• [EXERCISE DIRECTIONS]
What's needed is the listing below, repeated word for word with no pictures.

• [GIVEN MATERIAL]
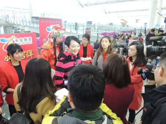 永安旅遊董事兼行政總裁梁港蘭親自前往機場向傳媒朋友拜年及接受專訪。
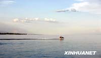 游客在伊塞克湖上乘摩托艇。
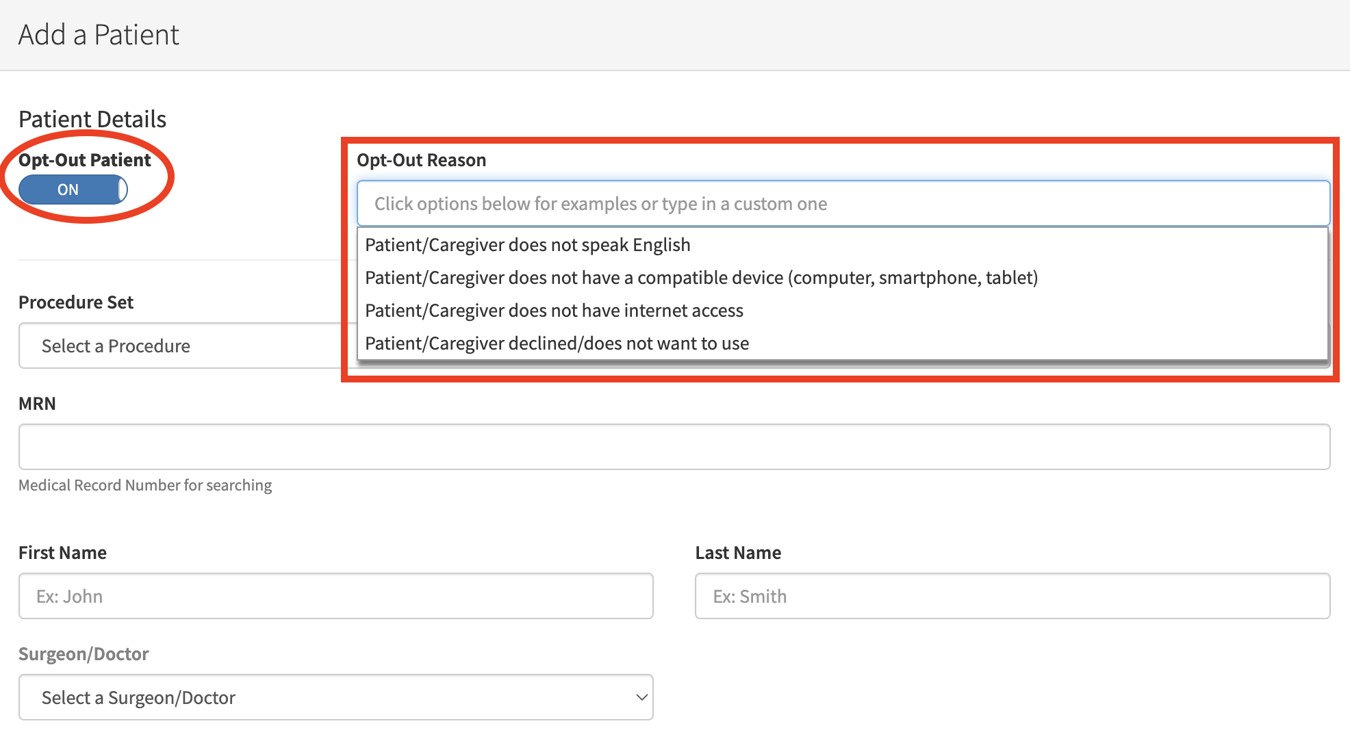 - Patient is no longer having surgery and surgery will not be rescheduled (opt out only in the event that the patient already has an existing account)

• [RESPONSE BELOW]
 永安旅遊董事兼行政總裁梁港蘭親自前往機場向傳媒朋友拜年及接受專訪。
 游客在伊塞克湖上乘摩托艇。
 - Patient is no longer having surgery and surgery will not be rescheduled (opt out only in the event that the patient already has an existing account)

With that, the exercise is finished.